REQUIREMENT
Beginning with the line that contains "In recognition of", retype the entries below exactly, ending with the line that contains "本机关于2025年10月16". Leave out any pictures.

GIVEN RECORDS
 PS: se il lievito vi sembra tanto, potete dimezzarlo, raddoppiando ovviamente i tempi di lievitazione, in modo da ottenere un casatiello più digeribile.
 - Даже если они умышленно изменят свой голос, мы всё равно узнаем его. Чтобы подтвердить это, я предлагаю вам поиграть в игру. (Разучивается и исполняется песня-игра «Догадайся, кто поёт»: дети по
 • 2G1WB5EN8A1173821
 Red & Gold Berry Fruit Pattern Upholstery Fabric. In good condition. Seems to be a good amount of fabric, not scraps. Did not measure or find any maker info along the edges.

--

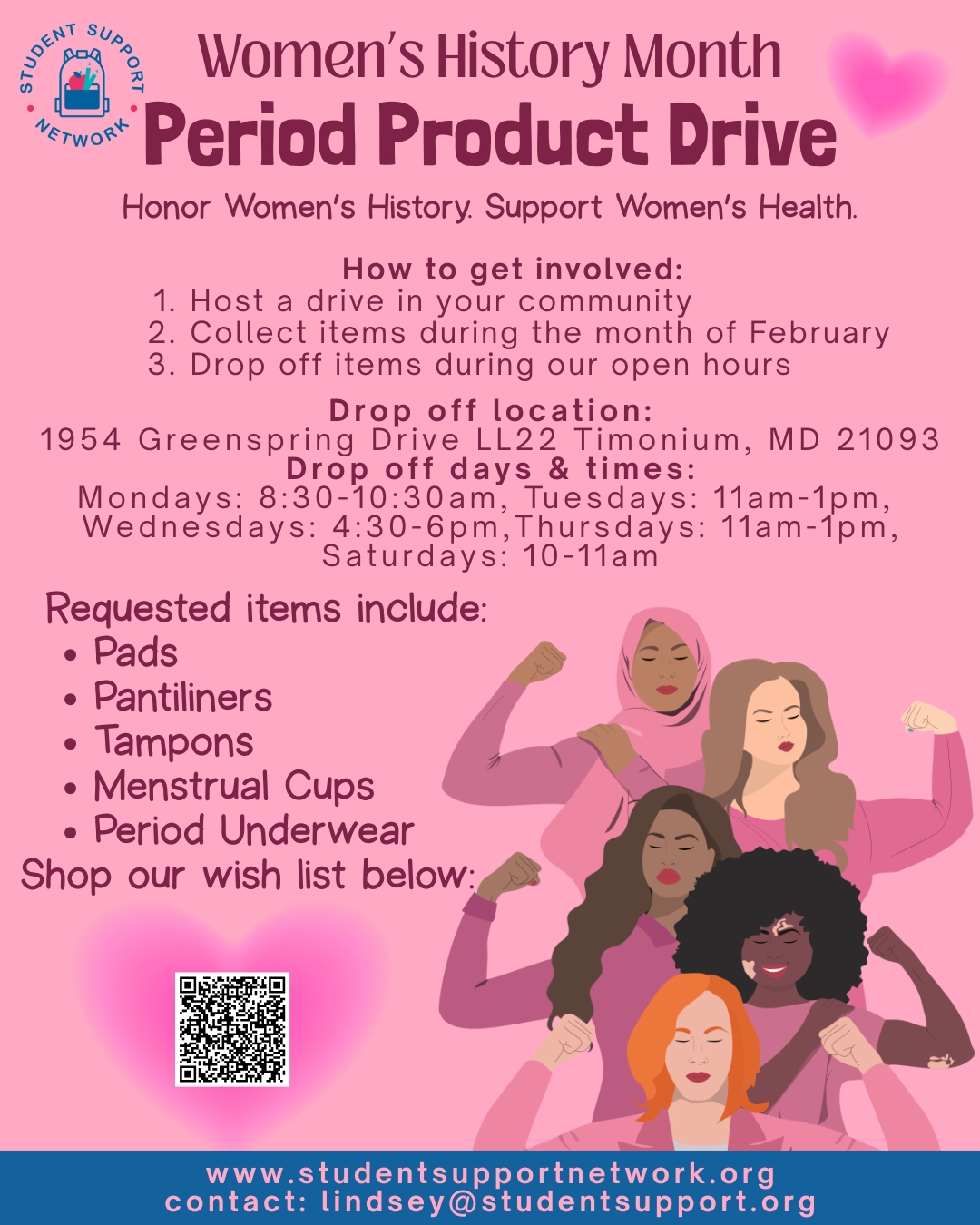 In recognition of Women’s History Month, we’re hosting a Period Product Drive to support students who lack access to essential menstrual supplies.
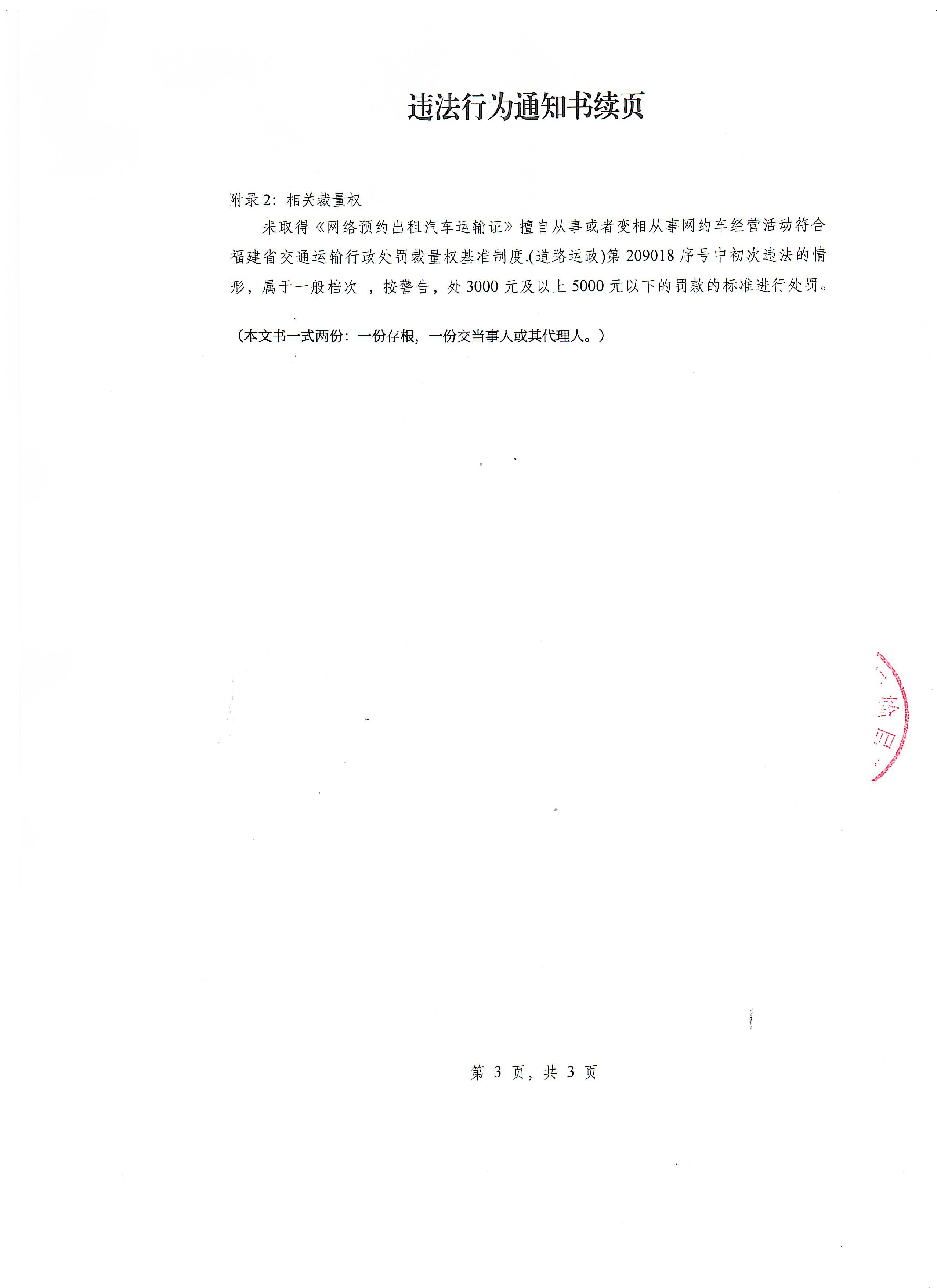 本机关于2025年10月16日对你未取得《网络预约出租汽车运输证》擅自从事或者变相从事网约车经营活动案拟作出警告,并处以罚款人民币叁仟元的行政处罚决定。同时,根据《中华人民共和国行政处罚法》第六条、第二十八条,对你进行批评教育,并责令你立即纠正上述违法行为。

EXPECTED ANSWER
 In recognition of Women’s History Month, we’re hosting a Period Product Drive to support students who lack access to essential menstrual supplies.
 本机关于2025年10月16日对你未取得《网络预约出租汽车运输证》擅自从事或者变相从事网约车经营活动案拟作出警告,并处以罚款人民币叁仟元的行政处罚决定。同时,根据《中华人民共和国行政处罚法》第六条、第二十八条,对你进行批评教育,并责令你立即纠正上述违法行为。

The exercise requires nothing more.